### Dataset content:
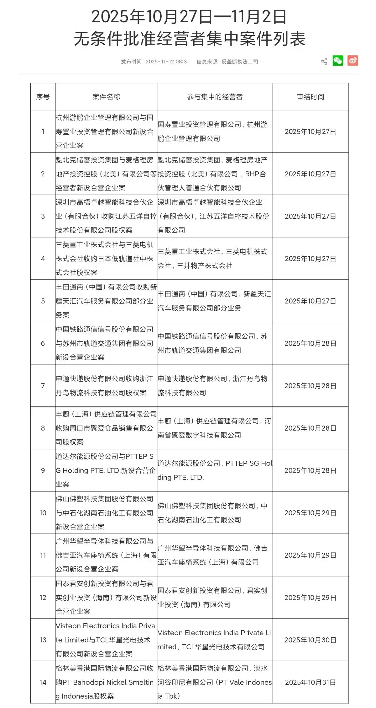 【市场监管总局无条件批准丰田通商收购天汇汽车部分业务案】11月12日,市场监管总局网站发布2025年10月27日—11月2日无条件批准经营者集中案件列表,其中包括丰田通商(中国)有限公司收购新疆天汇汽车服务有限公司部分业务案、申通快递股份有限公司收购浙江丹鸟物流科技有限公司股权案等。
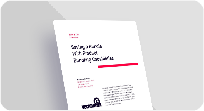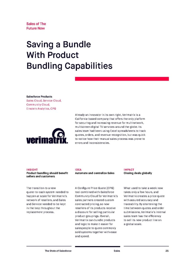 25 Sales Sales of The Future Now Already an innovator in its own right, Verimatrix is a California-based company that offers the only platform for securing and increasing revenue for multinetwork, multiscreen digital TV services around the globe. Its sales team had been using Excel spreadsheets to track quotes, orders, and revenue recognition, but was quick to notice how their manual sales process was prone to errors and inconsistencies. The transition to a new quote-to-cash system needed to happen at scale for Verimatrix’s network of resellers, and Sales and Service needed to be kept in the loop throughout the replacement process. A Configure Price Quote (CPQ) tool combined with Salesforce Community Cloud for Verimatrix’s sales partners created custom contracted pricing, so now resellers of its products receive a discount for selling particular product groupings. Overall, Verimatrix can bundle products and logic to make it easier for salespeople to quote commonly sold systems together with ease and speed. What used to take a week now takes only a few hours, and Verimatrix creates a price quote with assured accuracy and traceability. By shortening the time between quotes and order submissions, Verimatix’s internal sales team has the efficiency to sell its new product line on a global scale. INSIGHT Product bundling should benefit sellers and customers IDEA Automate and centralize Sales IMPACT Closing deals globally Saving a Bundle With Product Bundling Capabilities Salesforce Products Sales Cloud, Service Cloud, Community Cloud, Einstein Analytics, CPQ
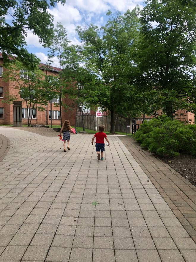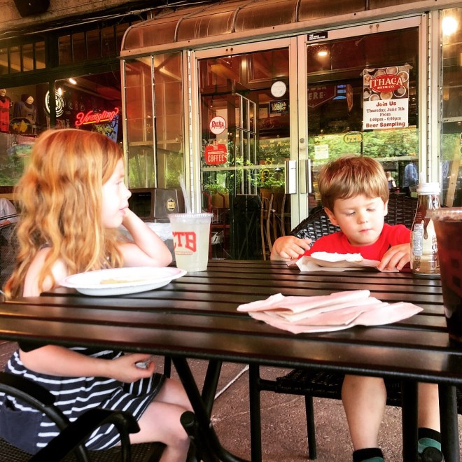 We rolled into town around lunchtime on Thursday – the kids were excited. We left Virginia at 6:00 a.m. and they were up, bright-eyed and raring to go, at 4:30, wanting to help us pack the car and demanding to know when we were going to Ithaca. Keep in mind, these children had never been to Ithaca. Our reputation for delivering awesome destinations is just that impressive.
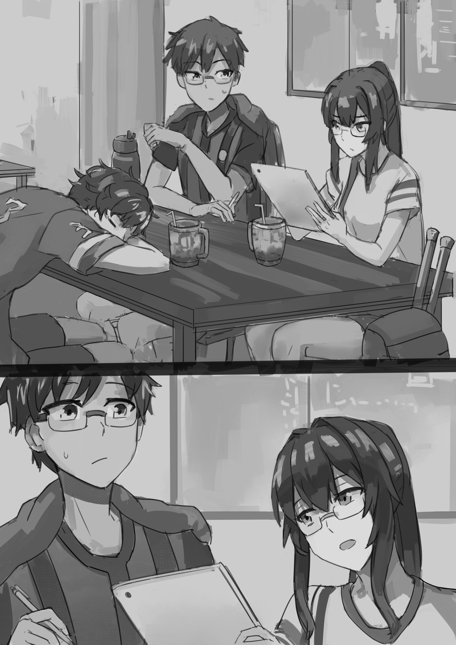 Ega went home immediately after lunch, he seemed to be disturbed the most with Mana’s sulking. Eggi, on the other hand, proclaimed he wanted to join the study session only to fall asleep mere moments later. This technically left only Pras and Mana together as what had been proposed by Mana earlier. That time her mood turned brighter.

### Task requirements:
Write out the whole listing exactly, with no pictures.

### Output of the exercise:
 【市场监管总局无条件批准丰田通商收购天汇汽车部分业务案】11月12日,市场监管总局网站发布2025年10月27日—11月2日无条件批准经营者集中案件列表,其中包括丰田通商(中国)有限公司收购新疆天汇汽车服务有限公司部分业务案、申通快递股份有限公司收购浙江丹鸟物流科技有限公司股权案等。
 25 Sales Sales of The Future Now Already an innovator in its own right, Verimatrix is a California-based company that offers the only platform for securing and increasing revenue for multinetwork, multiscreen digital TV services around the globe. Its sales team had been using Excel spreadsheets to track quotes, orders, and revenue recognition, but was quick to notice how their manual sales process was prone to errors and inconsistencies. The transition to a new quote-to-cash system needed to happen at scale for Verimatrix’s network of resellers, and Sales and Service needed to be kept in the loop throughout the replacement process. A Configure Price Quote (CPQ) tool combined with Salesforce Community Cloud for Verimatrix’s sales partners created custom contracted pricing, so now resellers of its products receive a discount for selling particular product groupings. Overall, Verimatrix can bundle products and logic to make it easier for salespeople to quote commonly sold systems together with ease and speed. What used to take a week now takes only a few hours, and Verimatrix creates a price quote with assured accuracy and traceability. By shortening the time between quotes and order submissions, Verimatix’s internal sales team has the efficiency to sell its new product line on a global scale. INSIGHT Product bundling should benefit sellers and customers IDEA Automate and centralize Sales IMPACT Closing deals globally Saving a Bundle With Product Bundling Capabilities Salesforce Products Sales Cloud, Service Cloud, Community Cloud, Einstein Analytics, CPQ
 We rolled into town around lunchtime on Thursday – the kids were excited. We left Virginia at 6:00 a.m. and they were up, bright-eyed and raring to go, at 4:30, wanting to help us pack the car and demanding to know when we were going to Ithaca. Keep in mind, these children had never been to Ithaca. Our reputation for delivering awesome destinations is just that impressive.
 Ega went home immediately after lunch, he seemed to be disturbed the most with Mana’s sulking. Eggi, on the other hand, proclaimed he wanted to join the study session only to fall asleep mere moments later. This technically left only Pras and Mana together as what had been proposed by Mana earlier. That time her mood turned brighter.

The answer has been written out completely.